The pine tree planted Thursday is the same age as President Moon Jae-in. President Moon and North Korean leader Kim Jong Un shoveled soil that had been collected from Mt. Halla in Jeju Island and Mt. Baekdu in the North over the root of the tree. The tree-planting event may have been special for Kim Jong Un as well because his mother, Ko Yong Hee, was also born in 1953 and her family once lived in Jeju. She was known to be born in Japan but there are also rumors that she was born in northern Jeju. Kim Jong Un is said to have a deep sorrow for his mother, who died in 2004 after leading a hidden life even though she gave birth to the children of Kim Jong Il.
This is the first time that the South and the North jointly planted a tree. During the October 4 summit in 2007, the two Koreas agreed to plant a pine tree together at the Joongang Botanical Garden in Pyongyang, but then North Korean leader Kim Jong Il did not show up, leaving then South Korean President Roh Moo-hyun to plant the pine tree with the North’s ceremonial head of state and bring back a 250-kilogram monument with the names of the two leaders written on it. On the eve of the South Korean presidential election that year, then National Intelligence Service chief Kim Man-bok went to Pyongyang and put a small monument with President Roh’s name on it beside the planted pine tree.

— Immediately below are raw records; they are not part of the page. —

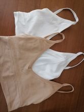 A great option for home, until the straps are stretched, very thin. With a girth under the chest 72 cm comfortable size. The white top is slightly wider than the beige one. The fabric is pleasant synthetics, the quality of tailoring with minor warmers. Fast delivery in prefab parcel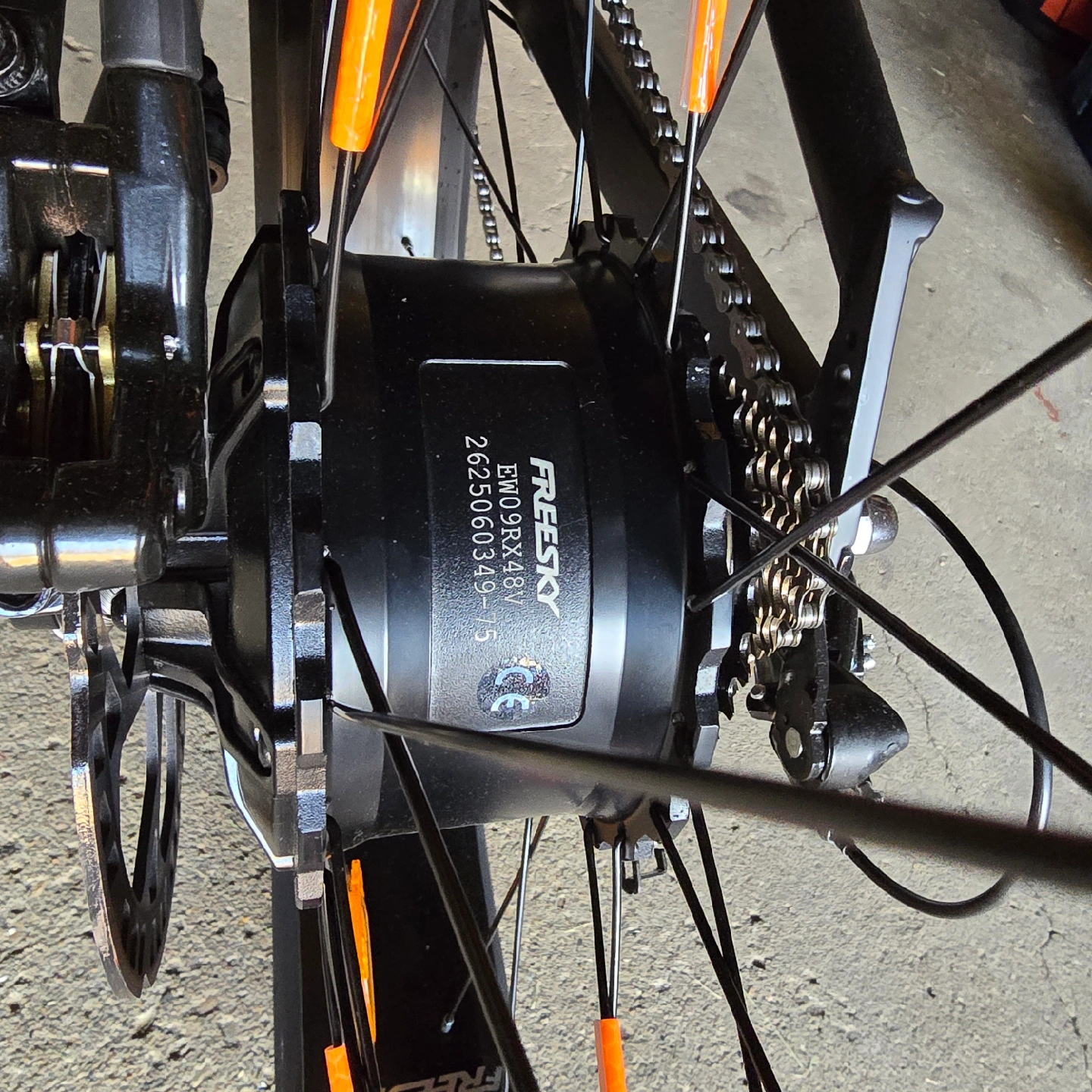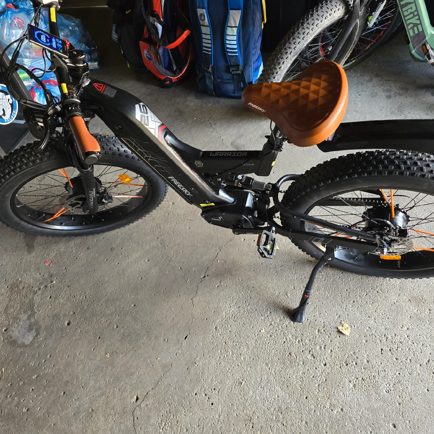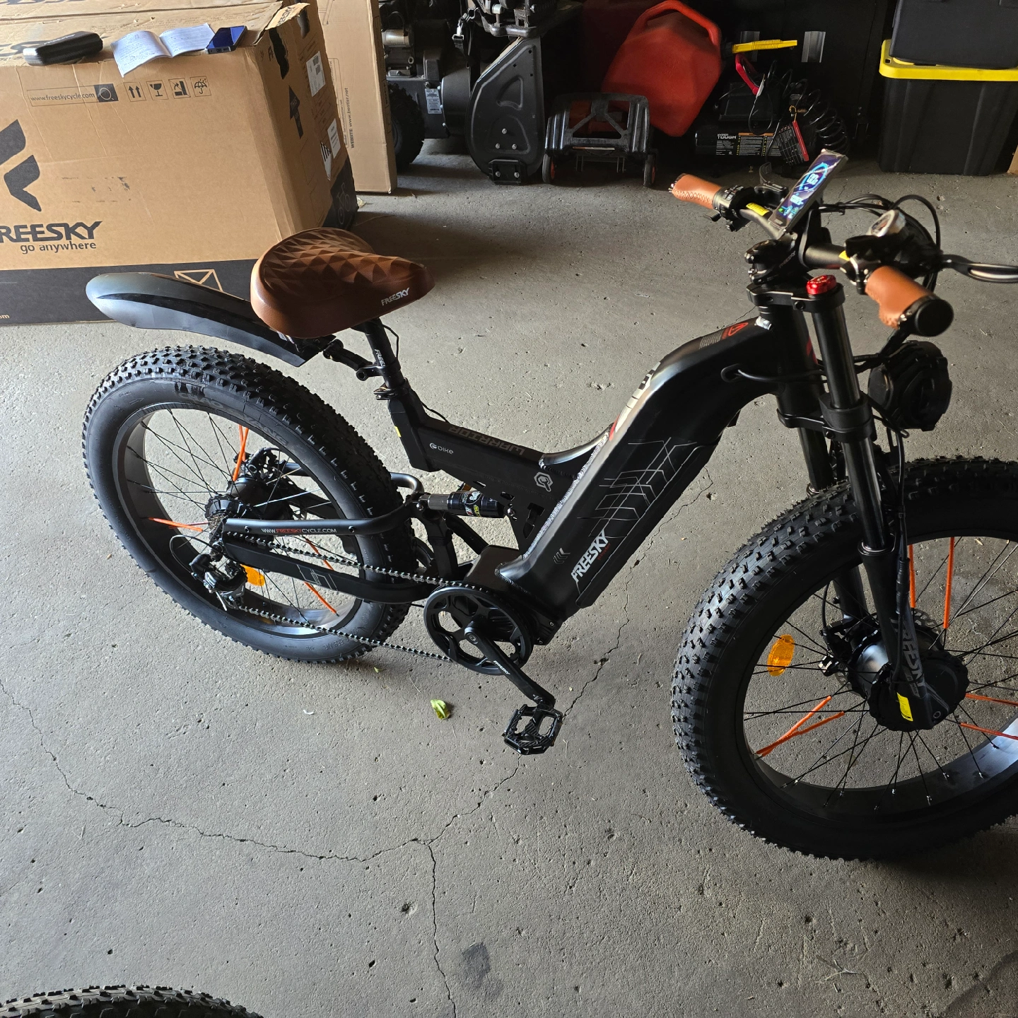 74Selling a FreeSky Warrior e-bike. It's in new condition used only a few times. bought for my son but its a bit too big for him. Definitely an adult bike .The bike has a unique design and is perfect for both city and off-road riding. If you're looking for a reliable and stylish e-bike this your next new ride. bike is 91 pounds has awd and roughly 200 nm torque. very strong for steep hills. all weather tires for any terrain. 30 ah battery roughly 150 km range depending obviously on output. color display nfc keys to start and removable battery. still have box and original packaging.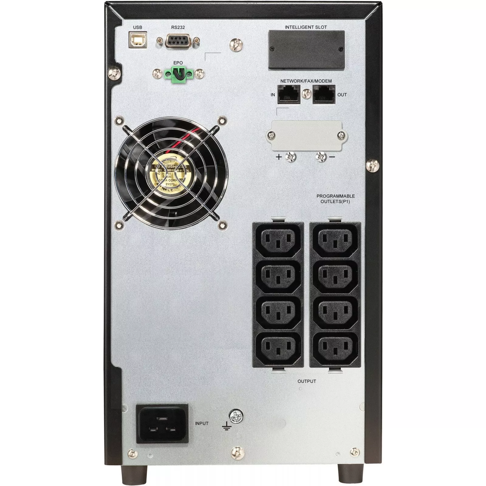 Класс товара - для домашних ПК, Мощность, Вт - 2000 Вт, мощность, ВА - 2000 В*А, форма выходного тока - синусоида, количество АКБ - 3, RS-232/USB.
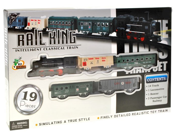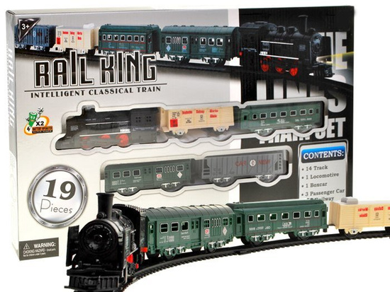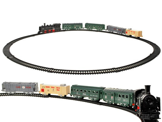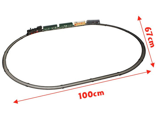 Napájanie z batérií (2xAA) zaisťuje bezpečnosť tým, že eliminuje potrebu sieťového adaptéra. Vláčik je poháňaný klasickou parnou lokomotívou. Okrem lokomotívy obsahuje sada 4 vagóny! Dva osobné vagóny a dva nákladné vagóny. Celý vlak (lokomotíva a všetky vagóny) má dĺžku 65 cm. Kompletná sada koľají po zostavení má dĺžku 100 cm a šírku 67 cm.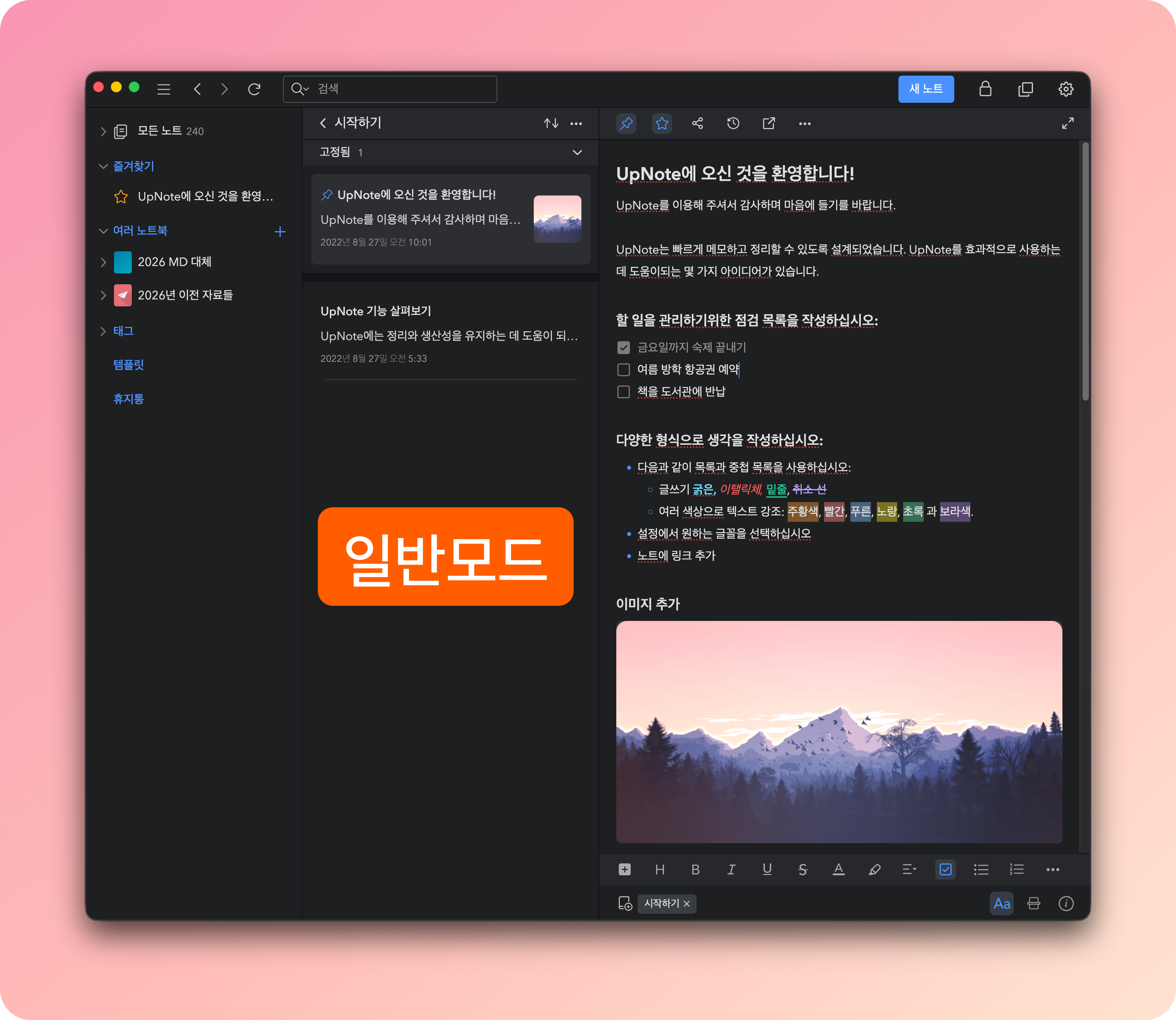 노트 프로그램 업노트(upnote) 글쓰기 프로그램으로 다시 사용 시작하다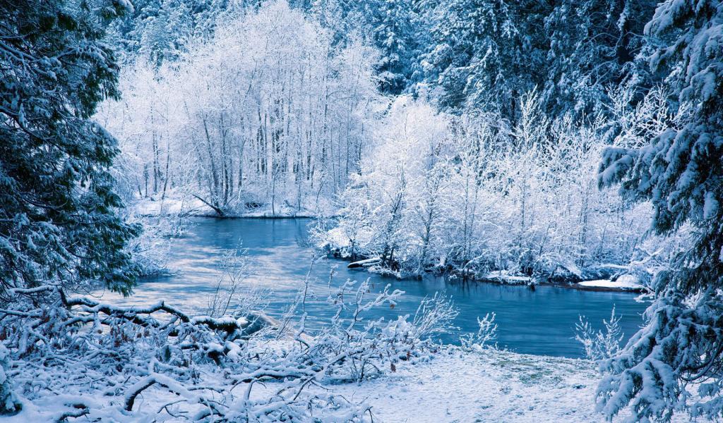 Wallpaper The river in the winter forest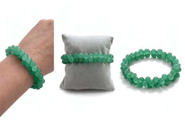 Monté sur fil élastique résistant, le bracelet est souple et confortable à porter au quotidien.
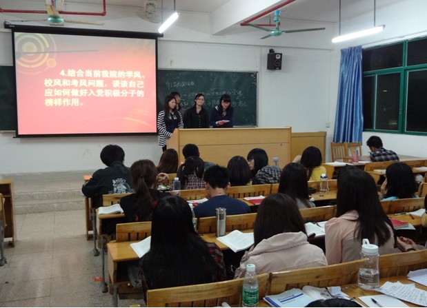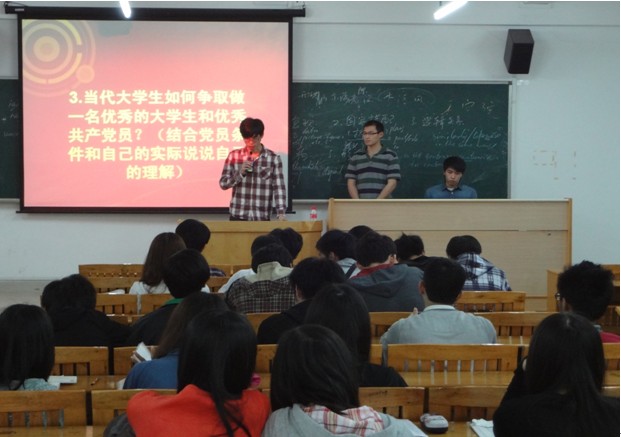 随后,学员们进行了热烈的分组专题讨论,讨论会上学员们各抒己见,分别对:1、谈谈自己对党的认识(历史、理论、方针、政策等),分析大学生为何应积极要求入党(剖析入党动机)。2、党员发展的程序和手续有哪些?3、当代大学生如何争取做一名优秀的大学生和优秀共产党员?(结合党员条件和自己的实际说说自己的理解)。4、结合当前我院的学风、校风和考风问题,谈谈自己应如何做好入党积极分子的榜样作用。这四个主题进行探讨。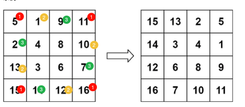 解题思路:要有宏观的思路,策略是一圈一圈的转换。然后每一圈,又分成一个一个的小组进行转换,见下图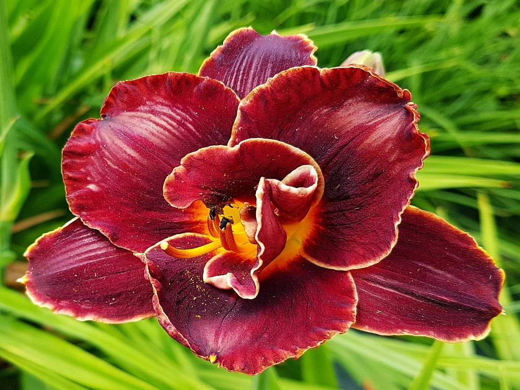Покровный цвет лепестков темно-красный, на внутренних лепестках лепестки с белой окантовкой,цветок диаметром 10-13 см.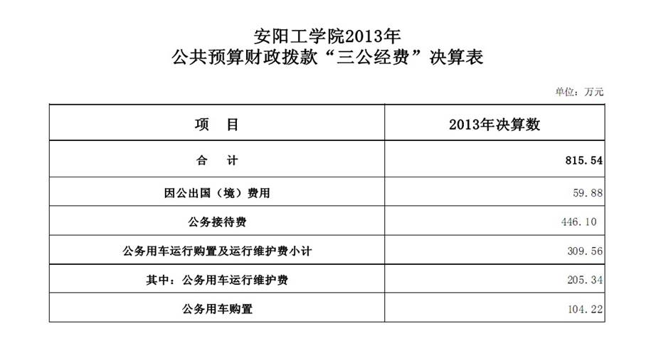 2013年三公经费总额815.54万元,其中:公务接待费446.10万元,比上年度压缩18.24%;出国(境)费用59.88万元(新西兰、澳大利亚5人、支出27.5万元,俄罗斯、芬兰、瑞典4人、支出19.64万元,台湾7人、支出12.74万元),比上年度压缩-33.51%;公务用车运行维护费205.36万元、比上年度压缩-11.87%,2013年核定一般公务用车编制24辆,新增车辆购置费104.22万元。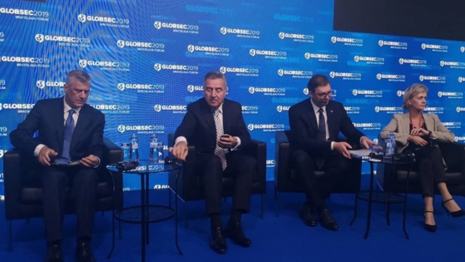 " Teritorija Kosova prema Tačijevom i albanskom gledištu pripada samo Albancima a prema našem Ustavu, celokupna teritorija Kosova pripada isključivo Srbiji i šta mi radimo? Mi radimo samo svoj posao i sprečavamo ulazak Kosova u Unesko i Interpol jer ga ne priznajemo kao nezavisnu državu... I Tači kaže da je to bilo naše agresivno ponašanje... Agresivno? Ničim nismo ugrozili žitelje na Kosovu, nismo im učinili ništa nažao... rekao je predsednik Srbije na panelu na forumu GLOBSEC 2019, koji se održava u Bratislavi.

The very place the two leaders planted pine tree Friday is where the Chinese and North Korean prisoners of war (POW) passed through after they were released and headed back to the North on April 27, 1953. Discussions for the Korean War armistice were resumed on April 26, 1953 at Panmunjom, where the exchange of POW was discussed. As a result, 490 POWs were sent back to the North the next day. Three months later on July 27, 1953, the Korean Armistice Agreement was signed at Panmunjom. The tensions surrounding Panmunjom reached its climax by the 1976 axe murder incident. Friday’s tree-planting event must have reminded President Moon of the time he served as a member of the airborne troop, which carried out the work of cutting down a poplar tree in the JSA in 1976.